Certamente è possibile, anzi le norme vedono con favore questi accorpamenti. L’art. 7 della legge n. 18 del 1979 sull’elezione dei deputati italiani al Parlamento europeo afferma che, qualora ciò sia possibile, la data del voto deve coincidere con quella fissata per le elezioni nazionali. Più di recente l’art. 7 del decreto legge n. 98 del 2011, dedicato al cosiddetto “election day”, stabilisce che quando nel medesimo anno si svolgono le elezioni del Parlamento europeo, le consultazioni elettorali nazionali si effettuano nella stessa data. Ma questo non vuol certo dire che le elezioni europee possano condizionare il momento dell’eventuale scioglimento anticipato delle Camere. Comunque dal punto di vista giuridico non c’è nessun ostacolo all’accorpamento.



Quale sarebbe il suo significato dal punto di vista politico?

Dal punto di vista politico un abbinamento è inopportuno, perché nelle Europee l’attenzione degli elettori e dell’opinione pubblica dovrebbe essere concentrata sulle politiche delle istituzioni comunitarie. Qualora invece ci fosse una coincidenza con le elezioni politiche le tematiche europee sarebbero di fatto oscurate, venendo in evidenza soltanto il dibattito politico interno. Si perde così quella che dovrebbe essere la caratteristica delle elezioni europee, e cioè l’essere un momento di partecipazione vera dei cittadini alle scelte a livello comunitario. Non penso a una possibile strumentalizzazione del voto da parte delle forze contrarie all’euro. La vera questione è che al centro delle elezioni dovrebbe esserci il dibattito tra le forze politiche sulle modalità attraverso cui proseguire sulla strada dell’integrazione europea. Il Parlamento di Bruxelles dovrebbe avere un ruolo molto significativo da questo punto di vista.
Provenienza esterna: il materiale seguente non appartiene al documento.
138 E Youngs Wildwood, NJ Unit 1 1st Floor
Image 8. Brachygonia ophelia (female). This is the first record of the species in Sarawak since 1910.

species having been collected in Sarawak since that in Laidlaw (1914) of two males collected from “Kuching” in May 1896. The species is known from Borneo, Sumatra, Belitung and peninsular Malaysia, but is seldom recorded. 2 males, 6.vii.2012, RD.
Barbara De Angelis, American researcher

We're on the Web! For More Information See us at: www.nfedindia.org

Eppure il cuore pulsante della politica sono ancora i Parlamenti nazionali. Perché?

Perché nella realtà non esistono ancora dei veri partiti europei. Il Partito Popolare Europeo (Ppe) e il Partito Socialista Europeo (Pse) sono dei raggruppamenti organizzativi di diversi partiti nazionali, ma non hanno quei caratteri che dovrebbero essere propri di un partito, e cioè l’essere luoghi di elaborazione e di discussione di un indirizzo politico europeo. Non si capisce per esempio come facciano a convivere nel Ppe la Cdu di Angela Merkel e Forza Italia di Berlusconi. Il Pd italiano non fa parte del Partito Socialista Europeo, anche se nel Parlamento europeo i deputato eletti col Pd sono membri del gruppo Alleanza Progressista di Socialisti e Democratici insieme ai deputati di partiti aderenti al Pse.

 

La creazione di veri partiti europei è un’utopia o una strada realmente percorribile?
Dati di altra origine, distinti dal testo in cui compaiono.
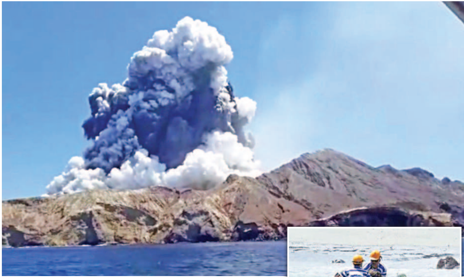
Smoke from the volcanic eruption of Whakaari, also known as White Island, is pictured from a boat in New Zealand yesterday. Inset, White Island Tour operators rescuing people minutes after the volcano erupted. Five people were killed, 18 were injured and several more were left stranded after the island volcano popular with tourists erupted unexpectedly.

France's transport chaos deepened yesterday on the fifth day of a nationwide strike over pension reforms, ramping up tensions at the start of a crucial week in President Emmanuel Macron's battle with trade unions. With only two of the Paris metro's 16 lines running as normal and suburban trains also heavily disrupted, many commuters slipped behind the wheel to try to get to work in torrential rain, causing major gridlock.
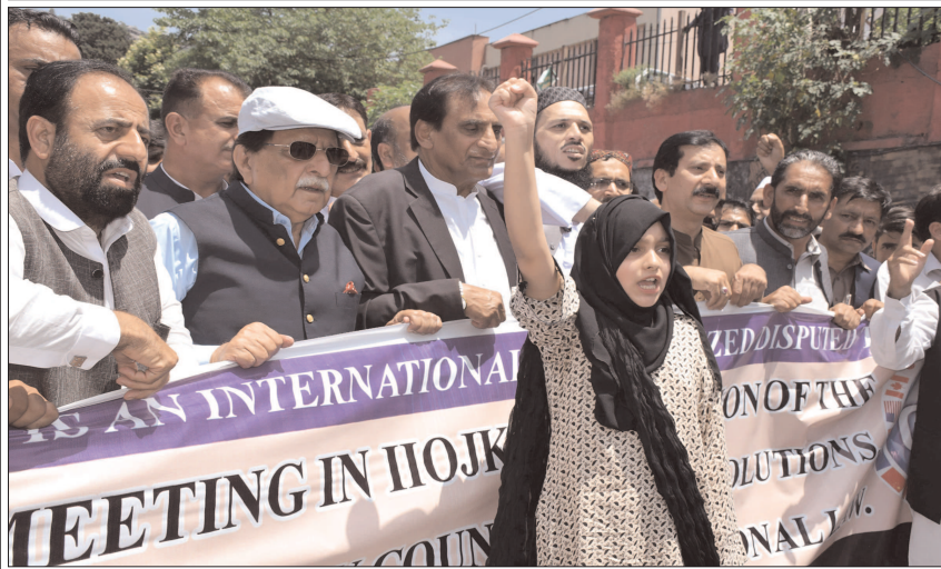
MUZAFFARABAD: A girl along with others participating in a rally to protest against G20 meeting hosted by Indian government in Srinagar.

Amir Dogar said that arrests can't weaken their determination for a national cause and Imran Khan was their 'Redline'. He said that we strongly condemned the May 09, vandalism but it all occurred in reaction of arrest of chairman PTI. Dogar claimed that the future belongs to Imran Khan and he will surely take the slot of prime minister again.
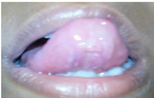
FIGURE: 2D. Oral mucosal warts get clear after 6 months treatment

Non la ritengo affatto un’utopia, quanto piuttosto un percorso necessario. In un’Europa sempre più integrata dal punto di vista istituzionale e con una politica dell’Unione che gioca un ruolo sempre più rilevante, il fatto che non esistano veri partiti politici europei è un controsenso. La stessa opinione pubblica dei diversi Paesi dovrebbe integrarsi di più in relazione a questi indirizzi, mentre oggi tendenzialmente la politica è considerata un fatto nazionale. Si accentuano quindi gli aspetti “nazionalistici”, cioè gli indirizzi e gli aspetti che riguardano i singoli Paesi e i loro interessi, e non quelli che riguardano l’intera Europa.